Understanding Detention Pay and How to Get It
You arrived on time. Now you've been sitting at the dock for four hours. Your clock is ticking, but your revenue isn't. This is detention—and you should be compensated for it.
What Is Detention?
Detention time is any time spent waiting at a shipper or receiver beyond what's considered reasonable for loading or unloading. Industry standard free time is typically 2 hours, though this varies.
Detention pay compensates you for this lost time.
Why It Matters
- HOS impact: Waiting burns your 14-hour clock without generating revenue
- Opportunity cost: Time spent waiting is time not earning on another load
- Operating costs: Idling, parking, lost productivity all cost money
Studies show trucks spend an average of over 3 hours at pickup/delivery. That's billions in lost productivity industry-wide.
Typical Detention Policies
- Free time: 1-2 hours before detention kicks in
- Rate: $50-$75 per hour is common
- Cap: Some policies cap total detention at a certain amount
- Documentation: Usually requires in/out times noted
Before Booking the Load
- Ask about detention policy upfront
- Get it in writing on the rate confirmation
- Understand free time and hourly rate
- Know the documentation requirements
No detention policy? That's a red flag. You're absorbing all the risk of shipper delays.
Documenting Detention
Get paid by keeping good records:
- Arrival time: Note when you checked in (get timestamp)
- Door time: When you were assigned a dock
- Completion time: When loading/unloading finished
- Departure time: When you left the facility
- Receipts/check-in slips: Physical proof if available
- Photos: Timestamp feature on phone photos
Collecting Payment
- Submit detention claim with your invoice
- Include documentation of times
- Reference the rate con's detention policy
- Follow up if not paid
- Escalate if necessary (but pick your battles)

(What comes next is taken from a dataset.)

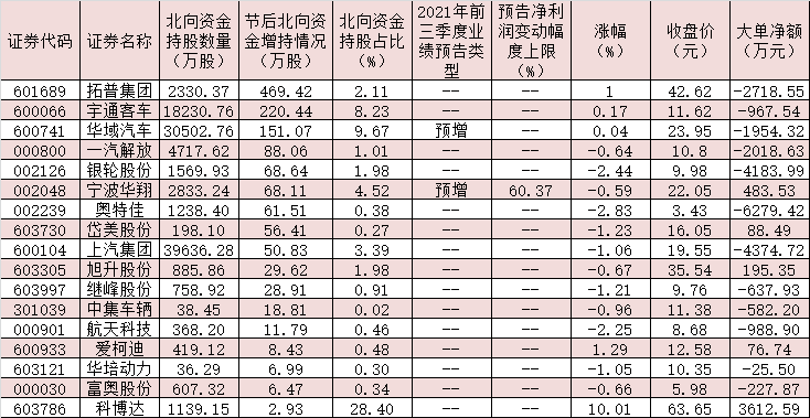 表:節后獲北向資金增持的汽車股一覽

Common Excuses (and Responses)
"We don't pay detention." → "The rate confirmation includes detention terms. I have documentation."
"You should have arrived later." → "I arrived at the scheduled appointment time. Waiting was beyond my control."
"The shipper won't pay us." → "That's between you and the shipper. I have a contract with you."
Prevention
Better than collecting detention is avoiding it:
- Check facility reviews for wait time history
- Call ahead to confirm readiness
- Schedule appointments at better times (early morning often moves faster)
- Build relationships with facilities you visit often
Summary
Detention pay compensates you for time lost to shipper/receiver delays. Negotiate it upfront, document your times carefully, and don't be shy about collecting what you're owed.
Your time has value. Make sure you're paid for it.